Cray Research Cray 1 (1976 US).-


It consumed power like no other; certainly it was arduous to program. Still, down to the
migraine-inducing wiring mat and the tons of solid-copper circuit modules, this was the
world's fastest computer...for years. Speed was its only priority. Today, on the collector's
market, even a small piece of one changes hands for $100 or more, such is the reverence
accorded this strange and awe-inspiring machine.

Meiko Computing Surface (1985 June UK).-


The first computing surface was based on the transputer, a microprocessor specifically
designed to be linked to other microprocessors. Using a mesh of transputers, each with its
own on-chip memory, it's possible to have a computer-really a tightly coupled network of
computers-execute multiple instructions on several data items at the same time. Peak
speeds would seem to be confined by the need for dauntingly complex programmingg..

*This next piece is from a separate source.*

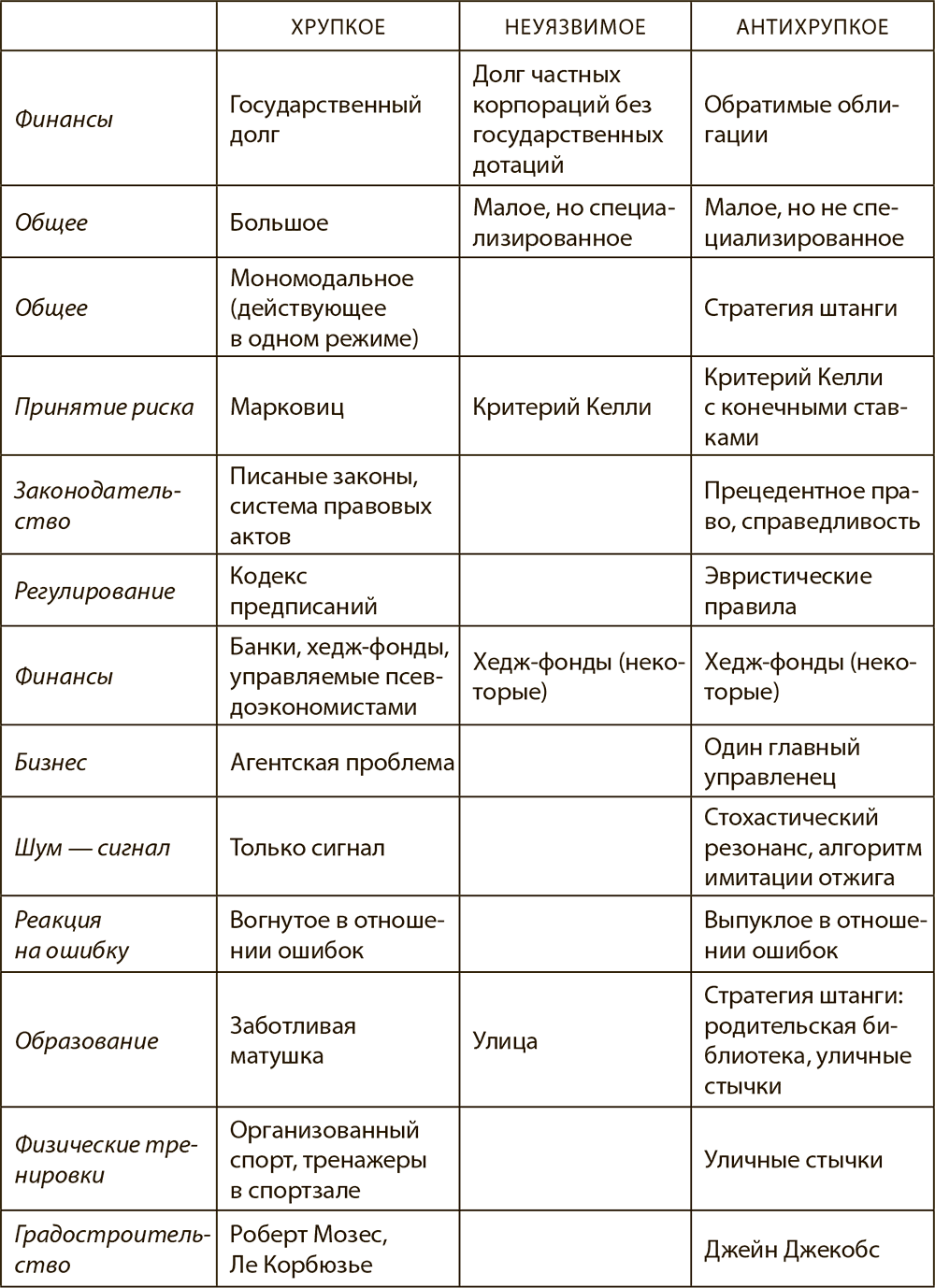 ХРУПКОЕ НЕУЯЗВИМОЕ АНТИХРУПКОЕВспомните: хрупкое хочет спокойствия, антихрупкое развивается в условиях беспорядка, а неуязвимому попросту все равно. Читателю предлагается просмотреть Триаду, чтобы понять, как идеи этой книги можно применять в разных областях жизни. А именно: когда вы рассматриваете объект или действие, связанные с какой-то темой, ваша задача – решить, в какую категорию Триады их можно поместить и что сделать для того, чтобы они стали менее хрупкими. Так, централизованное национальное государство однозначно попадает в левый столбец Триады, в категорию «хрупкое», а децентрализованная система городов-государств – в правый столбец, «антихрупкое». Придавая стране свойства системы городов-государств, мы можем избежать нежелательной хрупкости большого государства. Другой пример: ошибки. В категории «хрупкое» (слева) ошибки редки и, когда кто-то их совершает, влекут за собой ужасные последствия, а значит, неисправимы; в категории «антихрупкое» (справа) ошибки мелки и неопасны, вполне исправимы и быстро преодолимы. Все это также дает пищу для размышлений: система, которая развивается методом прилаживания, проб и ошибок, будет обладать свойствами антихрупкости. Если вы хотите обрести антихрупкость, заставьте себя «любить ошибки» (см. столбец справа от «ненавидеть ошибки»), чтобы ваши ошибки стали многочисленны и незначительны. Мы называем этот подход «стратегией штанги».

Thinking Machines Connection Machine (1985 June US).-


Vaguely off to one side of all other computer development,
the connection machine was a logical outcome of the need to
make the path from processor to memory as short as
possible. Desighed by Danny Hillis, these vast, cubes
covered with blinking lights each had as many as 64,000
processors, and in later versions, as few as 4,096. Each
processor was tightly coupled to its own memory. The
"hypercube" array architecture determined how many
processors and which ones would be put into play to suit the
data being manipulated.At times these boxes worked better
in principle than in practice; but their peak speeds under
ideal conditions were frightening. Even today, a connection
machine stands as a radical proof for parallelism.